Thank you. We'll take our next question from Robert Dodd with Raymond James. Please go ahead.
Hi, everybody. Congratulations on all the new roles. Just a quick one for me. I think, Kip, it may have been Kurt, but in the prepared remarks, you talked about, I don't expect any direct impact from government policy changes. Does that, I mean, just want to clarify, does that include tariffs, which obviously are on hold right now, but maybe they won't be? And It's not the first time you or the portfolio have been through the tariff rodeo if that happens. So, I mean, what are your thoughts now on if they do go through? Is the portfolio now, the companies, just the same way they've adapted to higher rates? Are they already prepared for it because it's happened before? Or just any thoughts on that?
Yeah, I mean, it seems to be one of the two or three questions of the day between – that and Chinese AI and a few other things that seem to be dominating the airwaves. Look, I mean, Robert, I think that the simple answer is we have a very large, diverse portfolio, right? Tariffs on countries like Mexico and Canada will have an impact on every company in the United States. Probably true of the tariffs that look like they're in place with China. I think we're very early in that discussion and obviously spending time with portfolio companies. And the good news is we have great dialogue with our portfolio companies, right? They view us as a strong partner. We're getting monthly financial statements. We're in constant contact with CEOs and CFOs there to try to assess it. But it's really hard to generalize kind of how I see big changes there because it's just so early. But we're definitely, to Court's prepared remarks, seeing what may be out there and making sure that we're vigilant and smart about changes in every portfolio company, depending on how things go.
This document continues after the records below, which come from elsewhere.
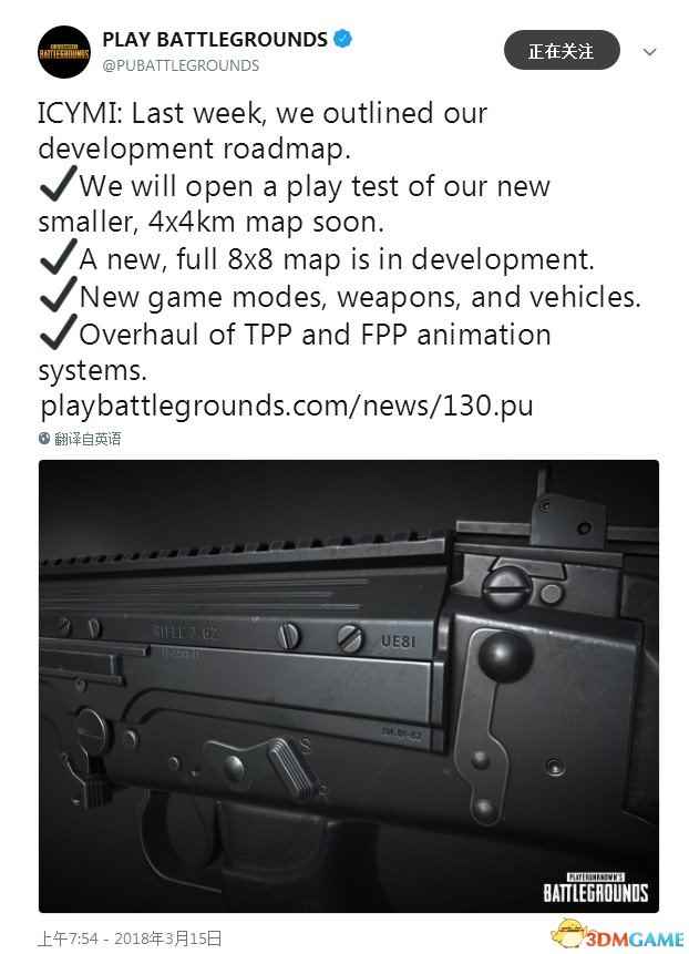 ·我们将很快开放我们的全新小型4x4公里地图的测试。 ·新的完整的8x8地图正在开发中。 ·新的游戏模式、武器和车辆。 ·推出TPP和FPP动画系统。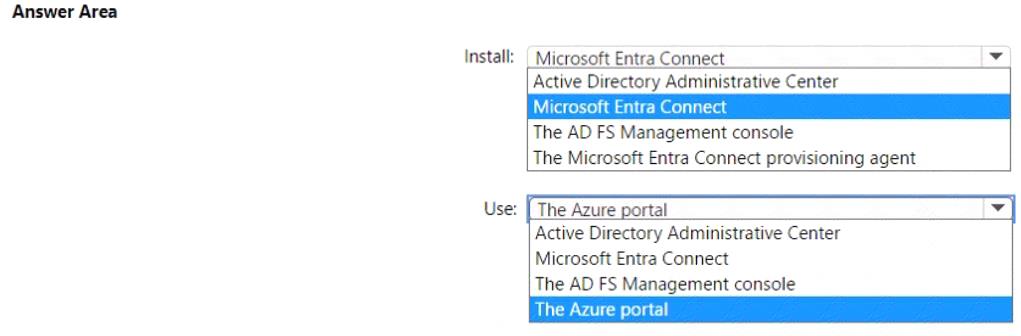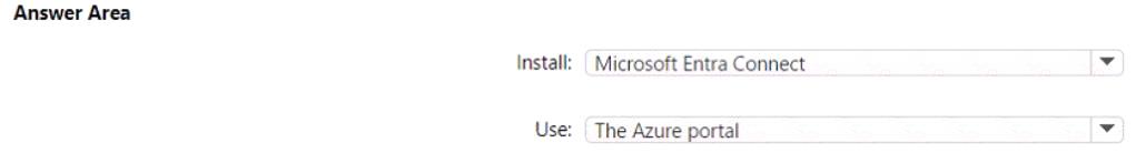 What should you install, and what should you use to enable password hash synchronization? To answer, select the appropriate options in the answer area.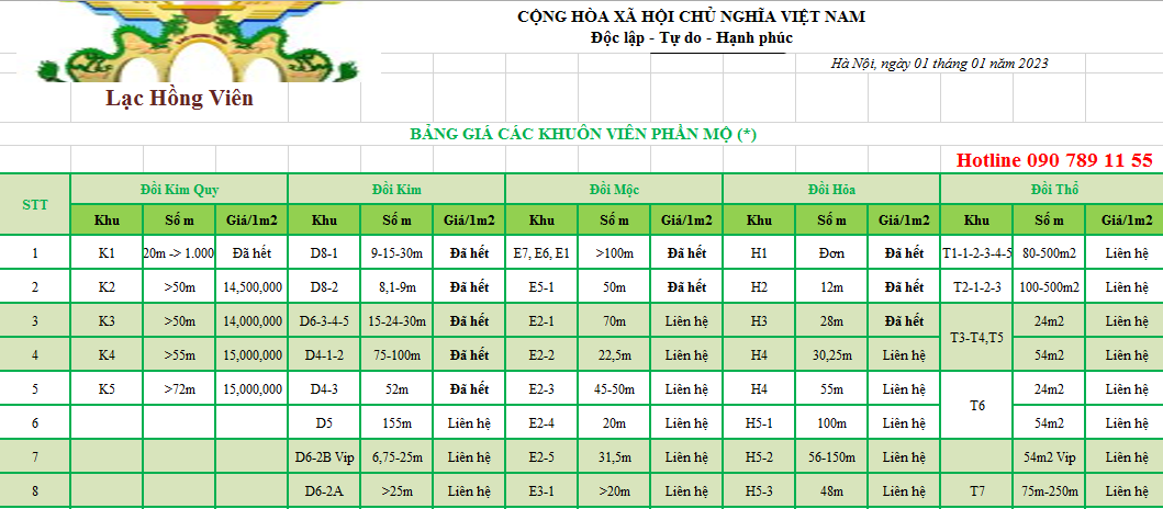 Nếu bạn có nhu cầu tìm hiểu cụ thể hơn về bảng giá tại Lạc Hồng Viên, hãy liên hệ theo hotline để được tư vấn chi tiết. Với vị trí đẹp và phong thủy tốt, Lạc Hồng Viên không chỉ là nơi an nghỉ mà còn mang lại sự bình yên cho cả gia đình.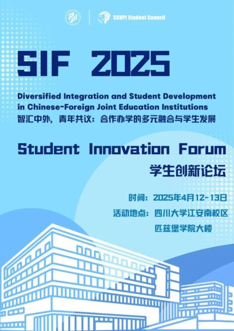 The Student Innovation Forum (SIF) at Sichuan University – Pittsburgh Institute (SCUPI) will take place on April 12th and 13th, 2025, at the Jiang’an South Campus, Sichuan University. This forum aims to provide a platform for students from Sino-foreign cooperative educational institutions to engage in dialogue, enhance their communication skills, enrich campus life, and explore future career development prospects.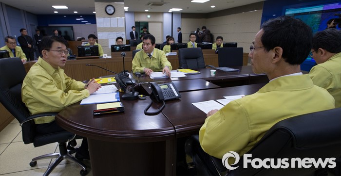 (세종=포커스뉴스) 26일 오전 세종시 정부세종청사 국토교통부 제주공항체류여객 비상수송대책본부에서 관계자들이 제주도 인근 운항상황을 점검하고 있다.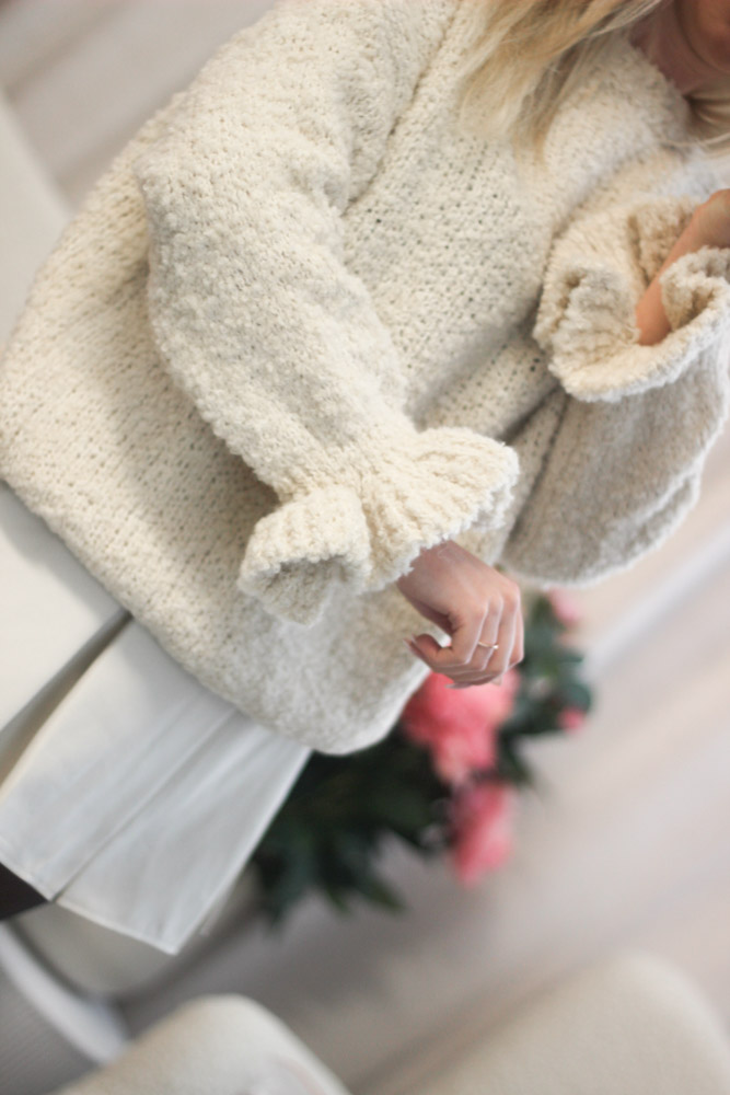 Schöner und super softer Bouclé Pullover mir trendigen Rüsschenärmeln in verschiedenen Farben.
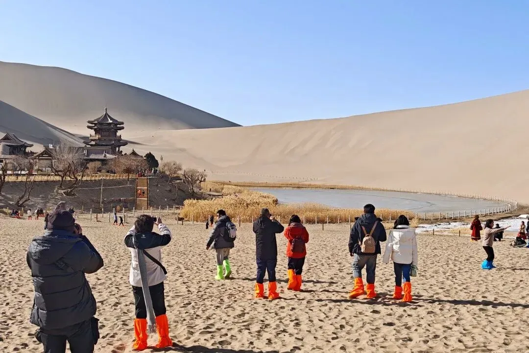 新春佳节,万家团圆。当八方游客奔赴敦煌,在鸣沙山月牙泉邂逅金沙映月、驼铃悠扬的丝路盛景时,有一群人始终默默坚守。他们是耐心解答疑问的咨询员,是快速核验的检票员,是扮靓景区的环卫员,是细心引路的牵驼员,是安全护航的观光车驾驶员,他们用责任守护着鸣沙山月牙泉景区的平安与美景,成为春节里最坚实、最温暖的身影。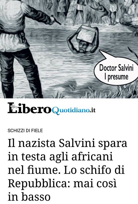 Il nazista Salvini spara in testa agli africani nel fiume. Lo schifo di Repubblica: mai così in basso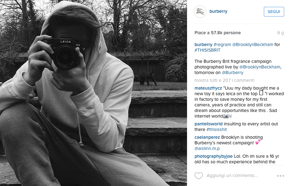 La scorsa settimana Brooklyn Beckham ha fatto infuriare un po' di persone. Il fatto è questo: il primogenito di Victoria e David Beckham è stato ingaggiato per scattare la nuova campagna del profumo Brit di Burberry, shoot ampiamente pubblicizzato sui social del brand e di Brooklyn. Niente di eccezionale, se non fosse che il giovane fotografo ha solo sedici anni e che si tratta della sua prima esperienza lavorativa. Ecco, questo ha fatto infuriare molto i fotografi senior, dando il via al Brooklyngate.

It's Court. Robert, I could jump in on that as well, just with a little more color, which is, know we actually have run a lot of analysis around which which of our companies have exposure to tariffs what percent of their cost of goods sold might be exposed to the countries that have already been announced obviously we have to stay day to day in terms of the countries that might or might not be exposed to tariffs. But so far between China, Canada and Mexico, we actually feel really confident that there is a very small impact on our portfolio based on a pretty exhaustive numerical analysis that we've done. So that was why we felt comfortable putting that statement into the prepared remarks. And I guess I would just also say overall, we are just underweighted toward product businesses that import and export products, right? Yep, understood.
Thank you. Thank you. And this does conclude our question and answer session. I'd like to turn the conference back over to Mr. Kip DeVere for any closing remarks.
Yeah. I definitely have a few. Today, I haven't prepared any, but it's a little bit bittersweet for me today, obviously, because I expected our next earnings call, which I think is April 29th. You're not going to hear a whole lot, if anything, from me. I just wanted to say thanks to the analyst community and all of our shareholders who have supported the company while I've been the CEO. It's been a a real blessing for me to work with a great group of people and to be involved with a company that's had this much success over such a sustained period of time. So heartfelt thanks and wish everybody a great week. Bye-bye.
Ladies and gentlemen, this concludes our conference call for today. If you missed any part of today's call, an archived replay of the call will be available approximately one hour after the end of the call through March 5th at 5 p.m. Eastern to domestic callers by dialing 1-800-839-2457 and to international callers by dialing 1-402-220-7217. An archive replay will also be available on a webcast link located on the homepage of the Investor Resources section of Aries Capital's website. Again, we ask that you please disconnect your line at this time and have a wonderful day. Goodbye.